Since the 1979 Islamic Revolution, female vocalists in Iran have been banned from singing solo in public under the assumption that the musical feminine voice will corrupt society. Despite this repressive context, silence has never been the case and women have sustained their careers through a myriad of subversive strategies.

This talk explores these strategies through the career of Masoumeh Mehrali, a prodigy of the legendary Mohammad Reza Shajarian in the 1980s, whose story exemplifies the challenges of a master female vocalist sustaining a career without the privileges of prerevolutionary fame. Over the past forty-six years, in addition to establishing herself as master musician, she has also trained a new generation of female singers who continue to challenge the limits of the ban’s enforcement.

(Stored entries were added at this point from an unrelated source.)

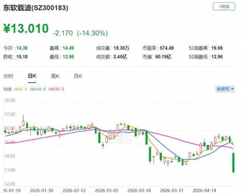 东软载波(300183.SZ)跌14.4%,报13.01元创一年半新低,总市值60.19亿元。东软载波披露一季报,公司2026年一季度实现营业收入1.75亿元,同比下降26.15%;净利润亏损2258.74万元,上年同期净利润394.06万元。报告期内,由于全球经济放缓,下游需求没有明显增加,在买方市场格局下芯片公司价格内卷深圳配资,盈利空间被系统性拉低。公司集成电路板块面临毛利率下降的显著压力。(格隆汇)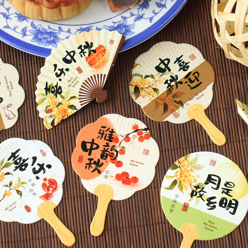 中秋节快乐国潮迷你扇子贺卡甜品店糕点蛋糕四果汤冰激凌装饰插卡祝福文字留言卡中国风新中式小学生用卡片纸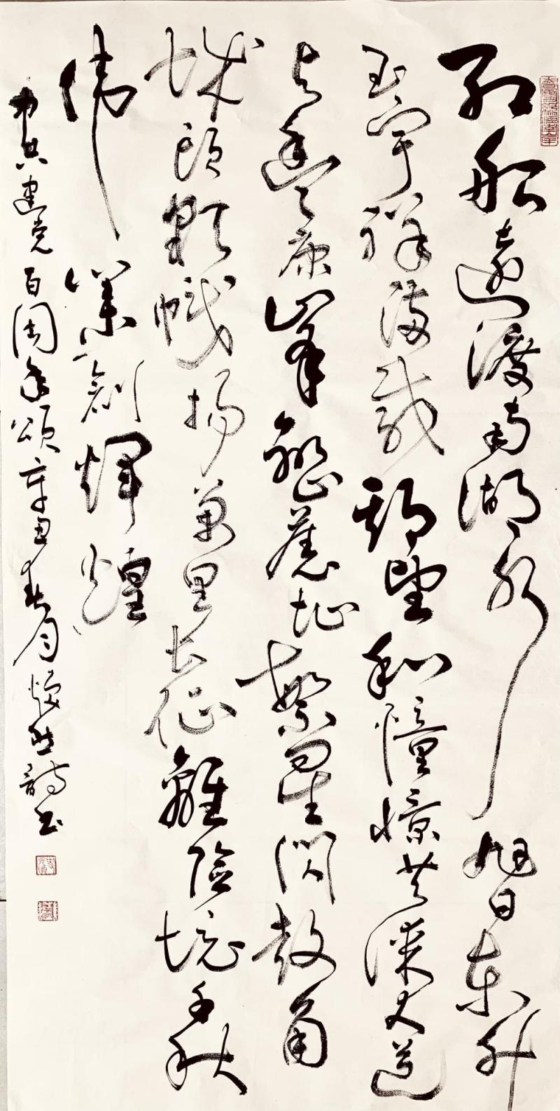 在伟大的中国共产党即将迎来一百周年生日的时刻,本人怀着感恩和激动的心情,创作出七言律诗《中共建党百周年颂》,同时以书法形式表现出来。诚望得到老师和诗友指导。释文:红船远渡南湖水,旭日东升玉宇祥。满载期望和憧憬,共谋大道与丰康。峰峦旧址繁星闪,鼓角城头彩帜扬。万里长征离险境,千秋伟业创辉煌。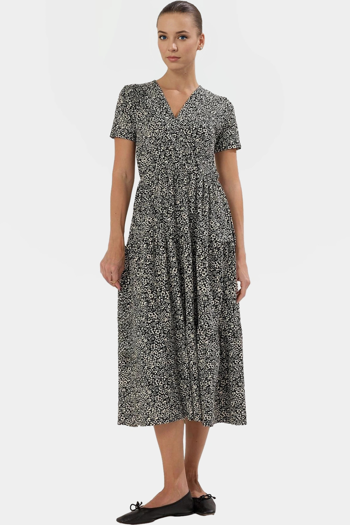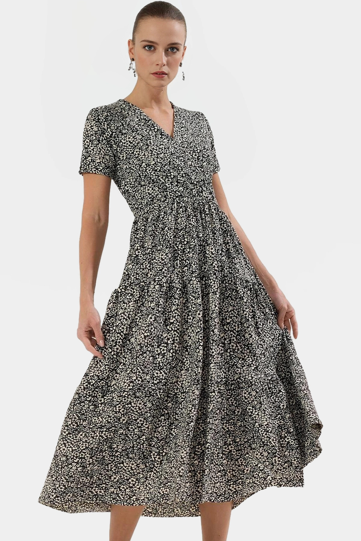 Elbisenin belden açılan tasarımı, vücut hatlarınızı zarif bir şekilde ortaya koyarken, midi boyu her vücut tipine uyum sağlar. Kısa kollu ve V yakalı tasarımı, elbisenin şıklığını tamamlarken, aynı zamanda pratik bir kullanım sunar. Siyah rengi, her türlü aksesuara ve ayakkabıya uyum sağlayarak, kombinlerinizde size geniş bir yelpaze sunuyor. Elbisenin bakımı da oldukça kolaydır, makinede yıkanabilir özelliği sayesinde zaman kazanırsınız.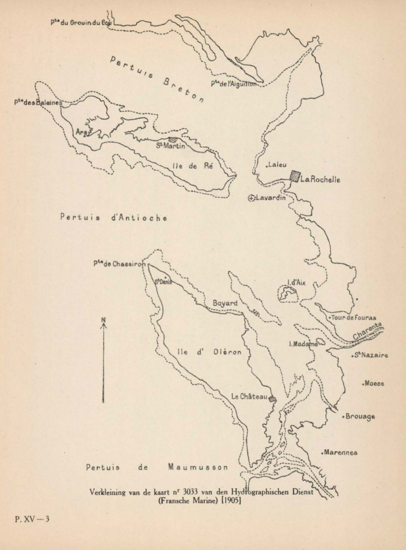 Ruwe kaart van de Fransche kust, van af Pertuis Breton (Kiliaerts) tot Pertuis de Maumusson, met de eilanden Ré (st. martens eylant) en Oléron. Verkleining van de kaart n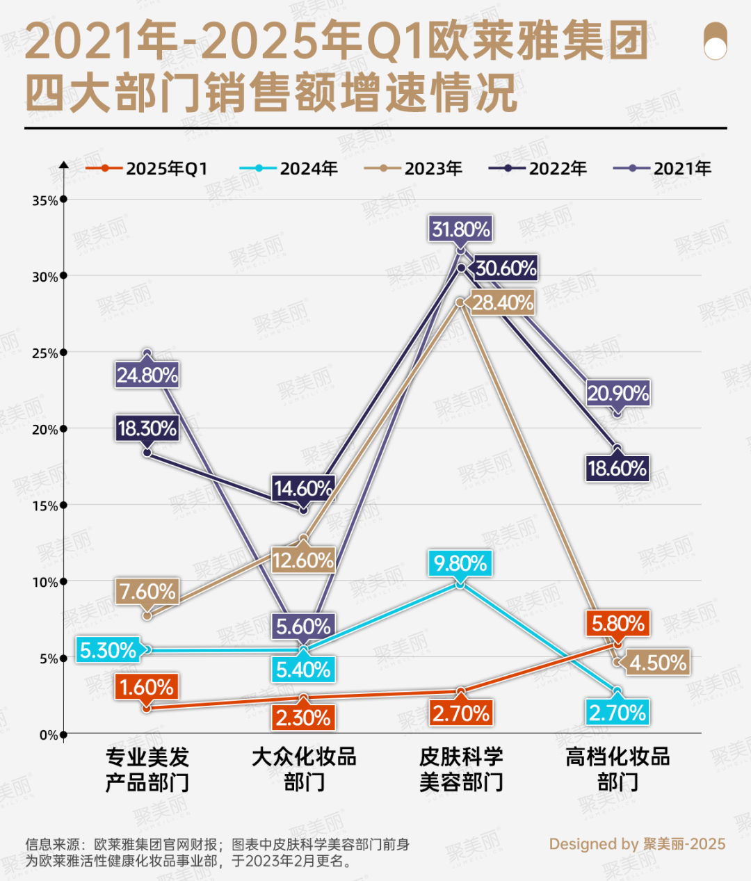 然而,2023年-2025年Q1,歐萊雅高檔化妝品部門增速僅為個位數(shù),同樣的困境還出現(xiàn)在歐萊雅專業(yè)美發(fā)產(chǎn)品部門、大眾化妝品部門。皮膚科學美容部門雖在2021-2023年間均保持近30%的增長,但自2024年起,同比同樣開始呈個位數(shù)增長。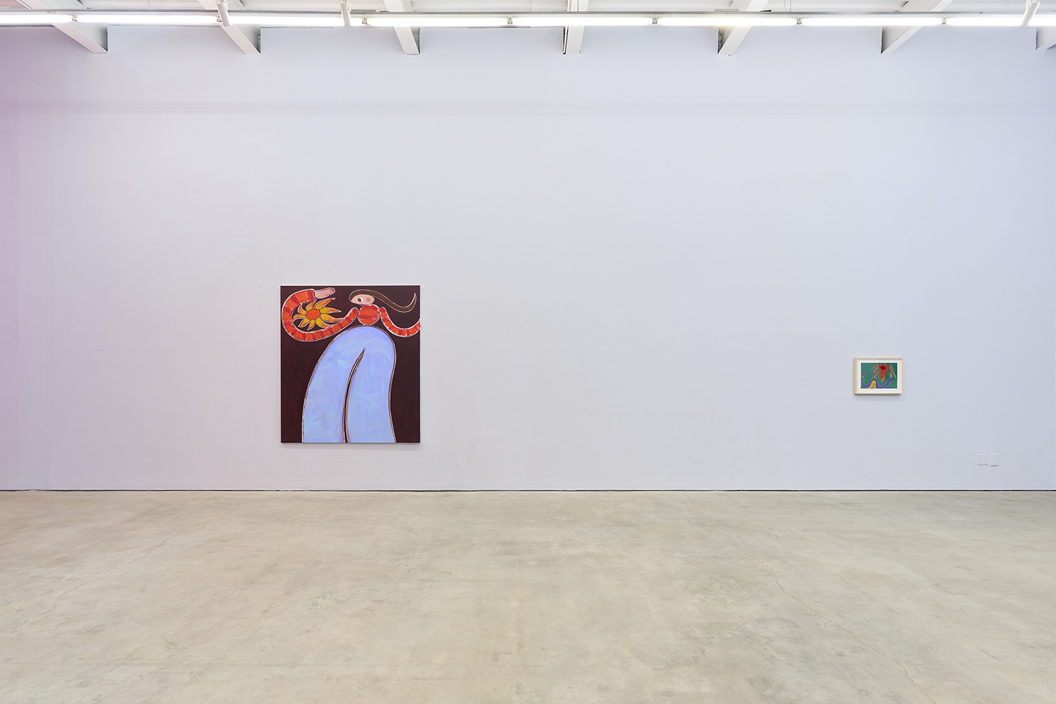 Where Treadwell’s previous exhibition had the subdued tone of soothing quietness, the new imagery is underlined with enthusiasm and rejoicing, radiating with affirmative energy and positivity. Still holding onto the melancholic undertone, the bubbly presence of the figures conveys a hopeful, uplifting, sometimes loud atmosphere. Zooming out of his most recognized body of work through a prism of an adolescent with more profound life experiences and expectations, the much more accessible visuals are painted using slightly restricted yet bold language. The smartening-up is backed by love and trust in this particular body of work and a new way of looking at and considering them both emotionally and technically.
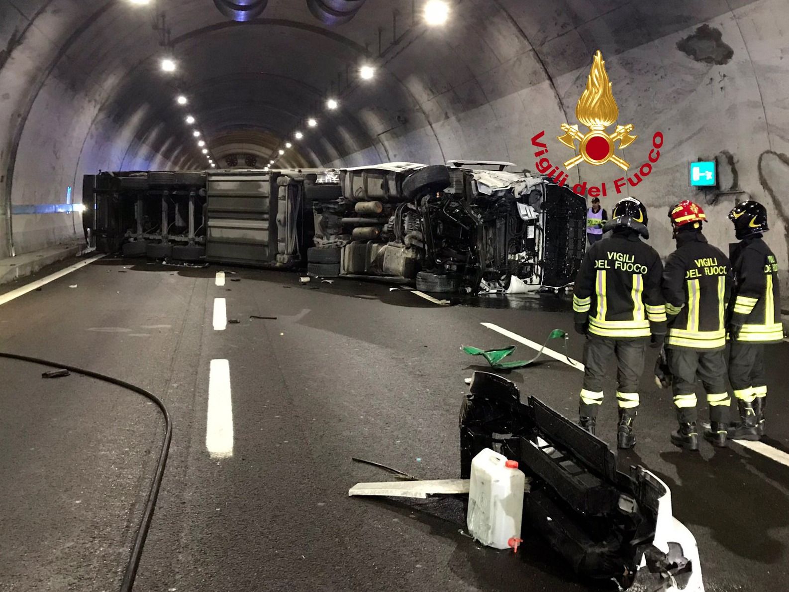 Autostrada A1: tir si ribalta nella galleria Manganaccia a Barberino di Mugello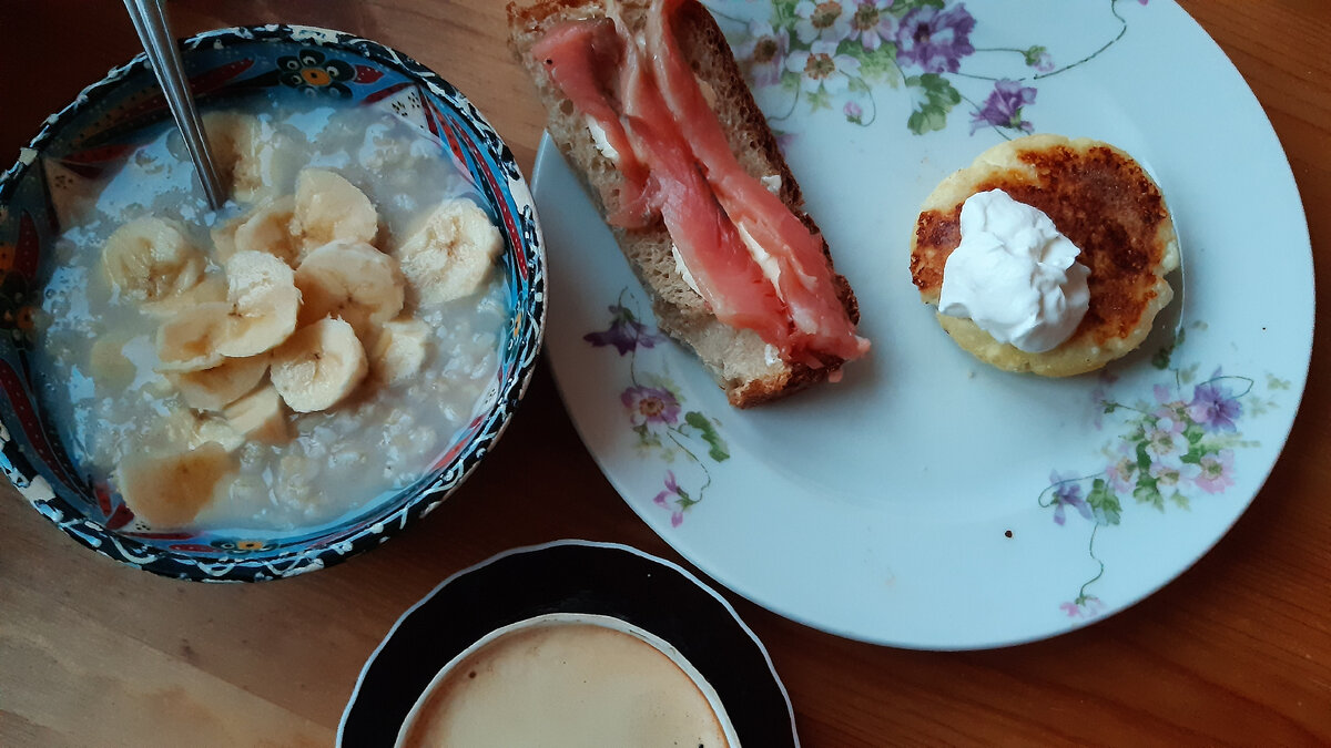 завтраком сегодняшним я вас не удивлю: все то же самое, что вчера - каша овсяная с бананом и арахисовой пастой, сырники, бутерброды с горбушей, кофе

Building on Assef Bayat’s concepts of “power of presence,” “social non-movements,” and “quiet encroachment” within authoritarian systems, this talk considers how women’s consistent presence in the musical arena has changed the standards of permissibility since 2005—drawing on a cumulative eight years of fieldwork over a nineteen-year span. Importantly the nature of these presences—i.e., Mehrali’s work that synthesizes the feminine voice, music, and Sufi poetry—function as alternative modes of subversive ethics. Thus, women’s online and underground performances, as well as their established networks of transmission, articulate new “ethical feminine voices” that negate the assumptions of their voices’ immorality.

This talk further explores how today’s musical culture harnesses a unique power to imagine and perform alternative realities on online platforms, posing threats to the ideological foundations of authoritarian regimes in a manner that eludes their policing tools.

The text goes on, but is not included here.